Begin with the line below holding "压力不可盲目加大:超过 180N 后,晶圆破损率飙升,粗糙度反而上升;" and go on through the line holding "第2弾ではフードを追加しまし", duplicating each line exactly and leaving out pictures.

Data supplied:
§

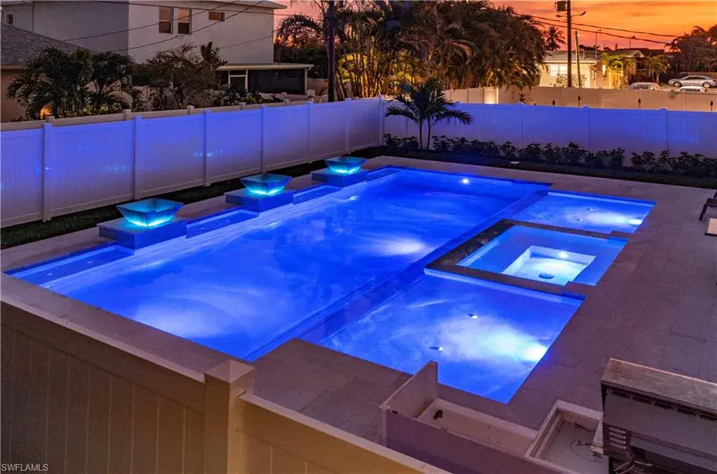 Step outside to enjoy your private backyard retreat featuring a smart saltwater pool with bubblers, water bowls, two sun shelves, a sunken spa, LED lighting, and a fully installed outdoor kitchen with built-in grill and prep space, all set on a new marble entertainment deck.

§

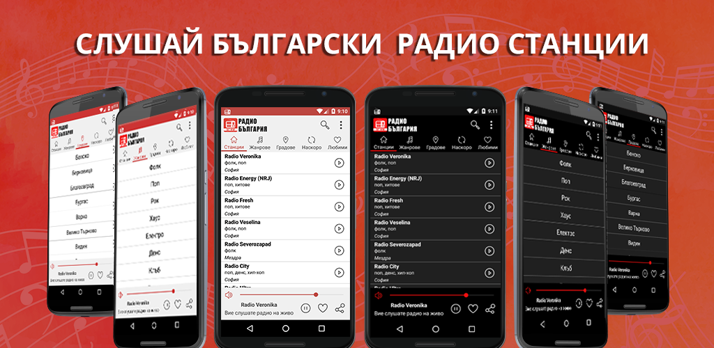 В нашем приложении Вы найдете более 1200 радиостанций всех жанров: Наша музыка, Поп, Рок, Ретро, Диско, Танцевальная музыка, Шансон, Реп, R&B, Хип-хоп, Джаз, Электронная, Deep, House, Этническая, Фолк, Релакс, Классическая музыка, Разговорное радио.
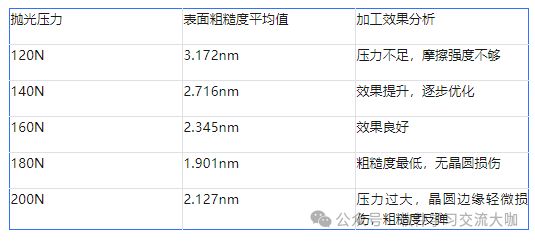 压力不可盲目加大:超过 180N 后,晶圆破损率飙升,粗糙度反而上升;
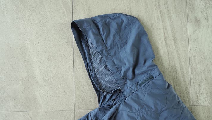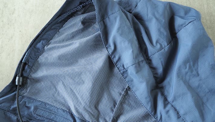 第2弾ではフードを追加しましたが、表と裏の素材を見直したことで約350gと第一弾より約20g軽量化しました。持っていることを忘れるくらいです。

§

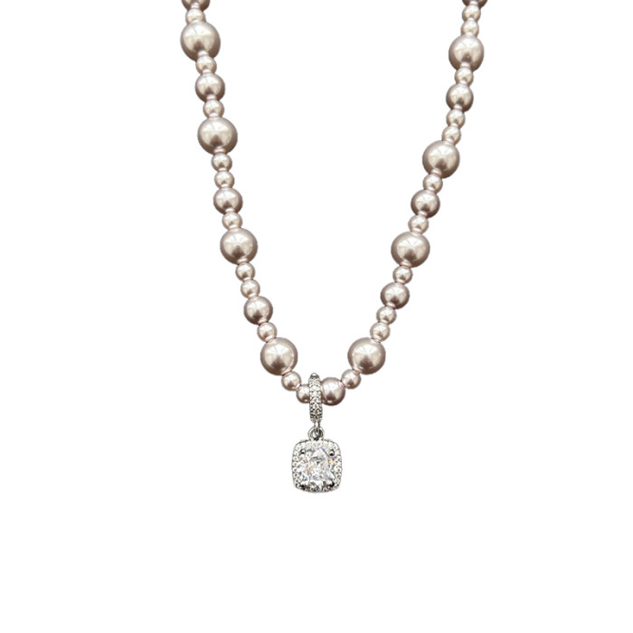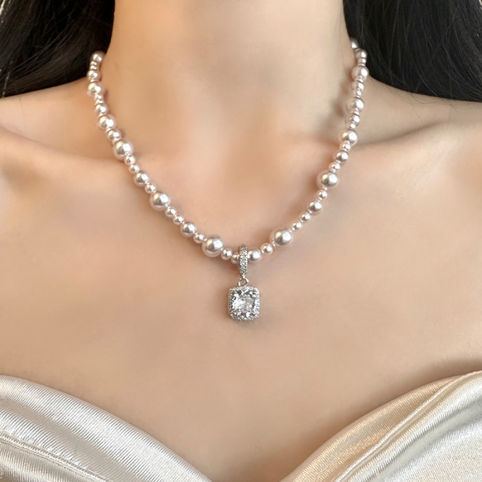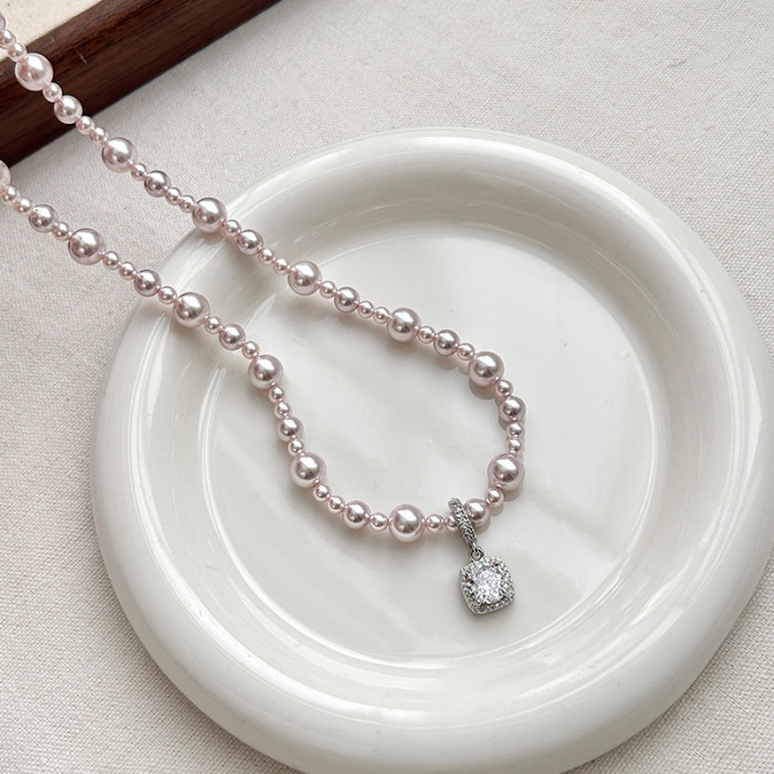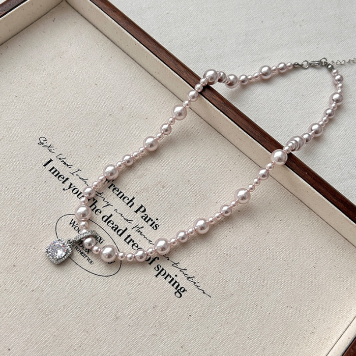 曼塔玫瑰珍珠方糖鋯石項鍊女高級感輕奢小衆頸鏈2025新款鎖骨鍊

§

Exercise output:
 压力不可盲目加大:超过 180N 后,晶圆破损率飙升,粗糙度反而上升;
 第2弾ではフードを追加しましたが、表と裏の素材を見直したことで約350gと第一弾より約20g軽量化しました。持っていることを忘れるくらいです。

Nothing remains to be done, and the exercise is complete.